Ku-Lin

‘The ancients circulate verbal teachings of buddhas and Zen masters for the edification of later learners, with the subtlety to pull out nails, remove stakes, dissolve stickiness, and remove bonds. When it came taking care of details over and over, making unconventional changes for effectiveness, they were like rolling round boulders down mountains ten miles high. Perpetuating such examples among those of later ages was for no other reason than to remove mental clinging, contentiousness, intellectual opinion, and theoretical understanding, to place people in the empty and clear, clean and naked, bare and untrammeled state of great liberation.

Now it is otherwise. There tend to be those who are blocked by worldly knowledge and intellectual sharpness, divided into those who argue forcefully and those who overcome themselves; and there are ascetics who fall into quietism or ambitious activism. When you observe their behavior, they all claim to have the claws and fangs of time immemorial, but when it comes to situational adaptation in contact with conditions at large, they are invariably living in ghost caves in mountains of darkness.

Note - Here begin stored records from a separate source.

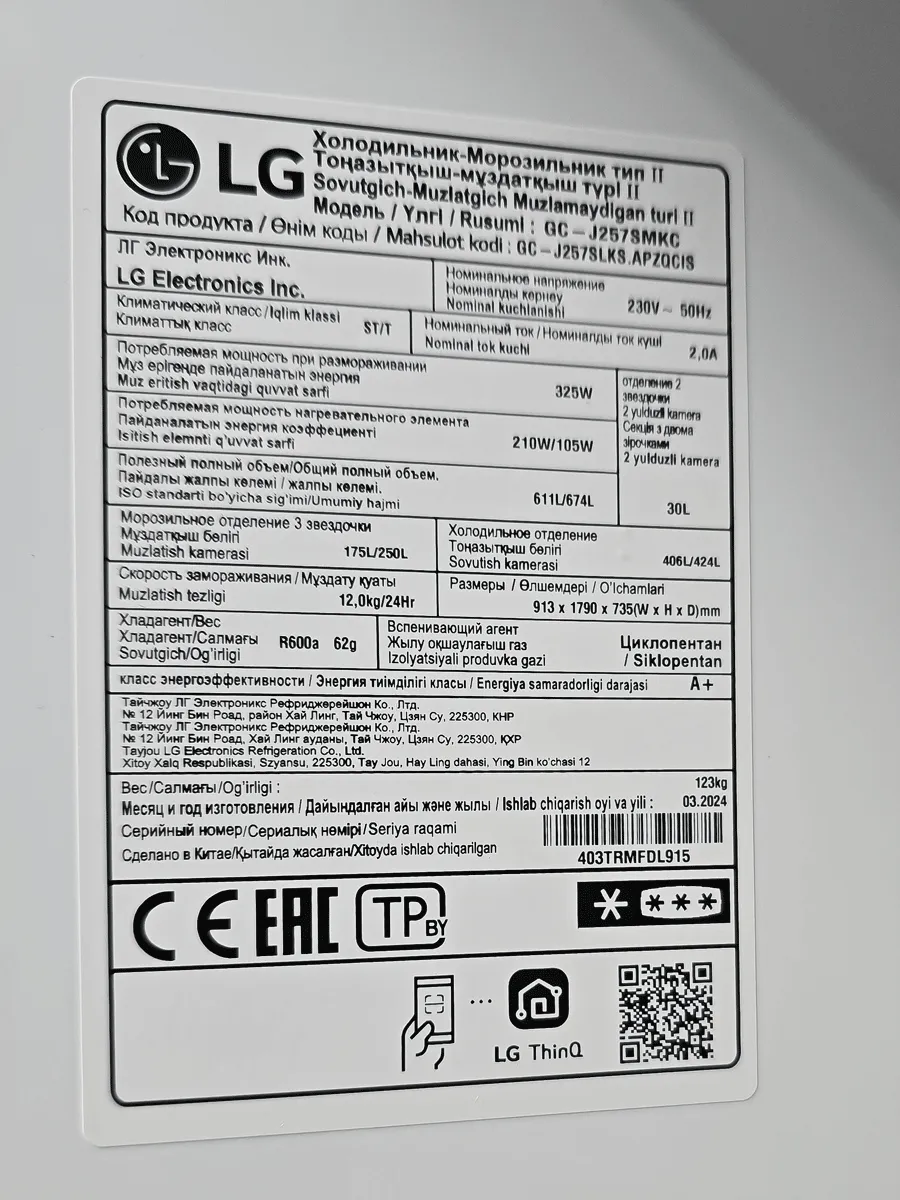 این مدل به اسم یخچال فریزر ال جی J257 سفید هم شناخته میشه و در بازارهای مختلف موجوده، پس باید دقت کنید که مدل درست و دقیق رو خریداری کنید. در ایران، این محصول مونتاژ چین هست و با رنگ سفید به بازار عرضه میشه، البته نسخه نقرهای اون با مدل GC-J257CAEC هم تولید شده. ظرفیت این یخچال فریزر 674 لیتره که معادل 24 فوت میشه، که در این ظرفیت، بخش یخچال 424 لیتر و بخش فریزر 250 لیتر رو شامل میشه. ظرفیت واقعی این یخچال هم 617 لیتره که معادل 22 فوت هست، که در این ظرفیت، بخش یخچال 412 لیتر و بخش فریزر 205 لیتره.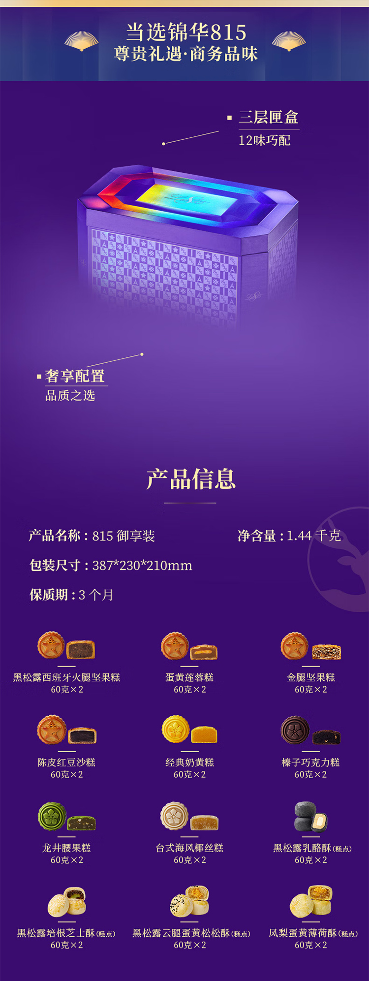 锦华815御享装月饼礼盒1440g蛋黄莲蓉黑松露流心奶黄中秋送礼高端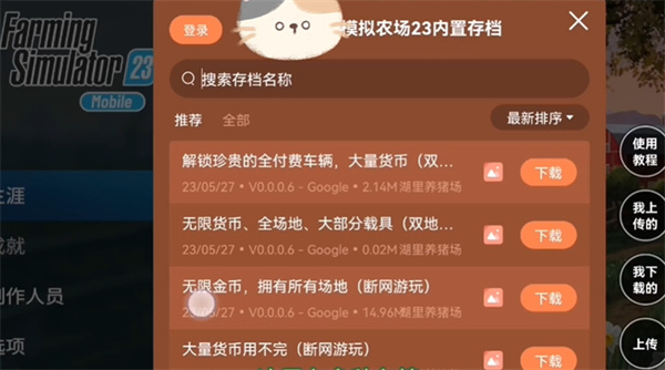 模拟农场23存档版,拥有存档功能的最新版,玩家一旦使用了这个功能,那么所有的车子就能直接解锁,这样玩家就能驾驶车子快速种植作物,也能运输货物,全看玩家自己的选择,每天都能得到超多的收益,分分钟可以让农场扩张。

This matter is certainly not to be rushed. It is essential that the individual be clear and precise in getting the gist, and after that not leak at all twenty-four hours a day. Only then is it appropriate to go to another for certain discernment, lest one still be blown by the wind of intellectual understanding. If one is unwilling to give up what one has treasured, it will become a serious problem in the future.

Even more problematic is when one wants to clarify this matter without a genuine basis and without the necessary attainments. How is that different from worms dancing in hopes of soaring into the misty clouds and undergoing a miraculous transformation? Can they do it?’ (quoted in Classics of Buddhism and Zen)

Can they do it? Can you do it? How is it that fifteen hundred years on, these words have lost none of their tang?